### [Data in this exercise]
--------------------------------

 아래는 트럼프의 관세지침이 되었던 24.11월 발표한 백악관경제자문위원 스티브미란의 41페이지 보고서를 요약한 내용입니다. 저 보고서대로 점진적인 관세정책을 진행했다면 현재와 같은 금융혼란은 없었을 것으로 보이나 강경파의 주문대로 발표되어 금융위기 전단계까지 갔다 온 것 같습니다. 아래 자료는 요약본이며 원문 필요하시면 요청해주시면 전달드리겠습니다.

--------------------------------

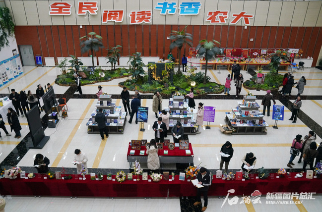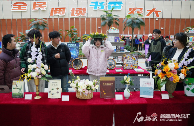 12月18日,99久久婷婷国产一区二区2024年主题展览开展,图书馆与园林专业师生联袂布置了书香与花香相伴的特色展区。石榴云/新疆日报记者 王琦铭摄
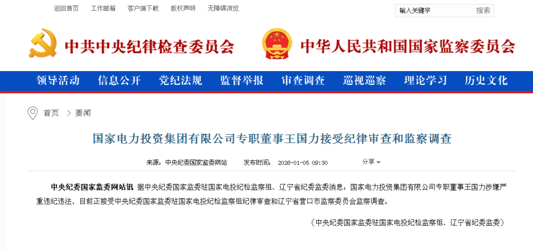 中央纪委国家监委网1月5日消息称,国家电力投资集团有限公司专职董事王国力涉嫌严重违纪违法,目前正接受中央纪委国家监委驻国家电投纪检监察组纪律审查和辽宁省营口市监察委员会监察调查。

--------------------------------

### [What you have to do]
Give the lines above again exactly, from the one containing "12月18日,99久久婷婷国" to the one containing "中央纪委国家监委网1月5日消", both included, but leave out the pictures.

### [Task response]
 12月18日,99久久婷婷国产一区二区2024年主题展览开展,图书馆与园林专业师生联袂布置了书香与花香相伴的特色展区。石榴云/新疆日报记者 王琦铭摄
 中央纪委国家监委网1月5日消息称,国家电力投资集团有限公司专职董事王国力涉嫌严重违纪违法,目前正接受中央纪委国家监委驻国家电投纪检监察组纪律审查和辽宁省营口市监察委员会监察调查。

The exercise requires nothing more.